I lowered the gun. Multiple dust plumes were closing in the distance. Reaper was dragging himself up the car hood. He screamed as the pain hit him. I grabbed him as he started to fall again. “Can you move?” I shouted.

He grimaced, biting his lip, tears running down his cheeks. “Yes.”

“Get in the van. Hurry!” Reaper lurched away. I ran for Carl.

My friend was gasping, shaking, blood streaming between his fingers as he kept pressure on his neck. He focused on me as I knelt beside him. “Get him?” he wheezed. There was a massive quantity of blood already spilled on the sand.

“Yeah, I got him. Hang on, man, I’m gonna get you out of here.”

Carl closed his eyes. He grabbed my hand and squeezed.

Then he was gone.

“Carl?”

The cars were closer now. I knelt by the body of my friend, pistol dangling from my numb fingertips. I wanted nothing more than to stay here and wait for them to arrive.

Then all of this would have been for nothing.

I stood, dragged Carl’s body to the limo, gently set him in the driver’s seat, then went to the trunk. Falah’s body was still cold. It was probably the only thing that had kept the assassin alive in the heat, lying on that ice block, waiting for his chance. He must have gotten in while we were at the palace. I retrieved the white phosphorus grenade from under Falah, pulled the pin, and tossed it into the Mercedes. It ignited behind me in a billowing wall of chemical flame.

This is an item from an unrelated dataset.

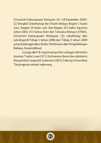 tahun 2003. Di Institut Alam dan Tamadun Melayu (ATMA),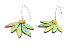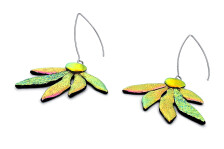 CARNABELLA – citromsárga-lime-pávazöld színű virágos lógós fülbevaló

Carl would have liked the Viking funeral.

Reaper was sobbing when I got into the van. “Dude, the fuckers killed him.” He was cringing from the pain, holding his hands tightly to his wounded side. “Eddie did this. Bastard’s gonna pay.”

I found the keys on the floorboard. The goons were inbound. It was going to be a race to the border now.

Chapter 24:
Welcome Back,
Mr. Nightcrawler

LORENZO

June 18

I was certain we had lost them after we had crossed the border. A gentle breeze had calmed the raging temperature. The sun was setting over the desert, and if it hadn’t been such a terrible day, I would have thought it was beautiful. I cradled the rifle in my arms and scanned the horizon.

Part of me was secretly praying for cars to appear on the road. Carl had been my best friend.

The village was small, consisting of a few small compounds and some outlying buildings. The van was well hidden. I sat in the shade beneath an awning, gun in hand, black and gold scarab in a pouch I’d tied around my neck. In the distance dogs barked and children laughed.

It had been my fault. I should have seen it coming. I should have done
something
.

There was movement in the doorway behind me. “Your friend will live. He was struck twice, but the wounds were superficial. Given time to heal, he should have no permanent disability.”

“Thank you, doctor,” I replied, never taking my eyes off the horizon.

“I’m afraid I’m no Doctor,” the Qatari answered. “I failed from an American veterinary school.”

“Good enough.” I lifted the rubber-banded stack of money above my head. He took it. This particular establishment had a reputation within the criminal element of the region. “When can I move him?”

“I would not move him until morning. You may sleep in the guest room. I shall have my servants prepare it.” He turned to leave.

“We were never here,” I stated.

“But of course.”

Carl’s duffel bag was open on the bed. I found the manila folder with the mission details and dialed the Fat Man’s number on my untraceable cell phone.

I had checked on Reaper before retiring to the guest room. He had been asleep, and had looked terrible, even paler than normal, with bandages all over his skinny chest, and buried beneath IV bags. A heart monitor kept a steady pace. He would be fine, but the sight of what was left of my crew filled me with rage.

“Yes,” the Fat Man answered on the other end of the line.

“I want to talk to Eddie.”

There was a pause. “Mr. Lorenzo, Big Eddie does not speak with the help. I am his intermediary and—”

“Put him on or I toss the scarab in the ocean,” I stated calmly.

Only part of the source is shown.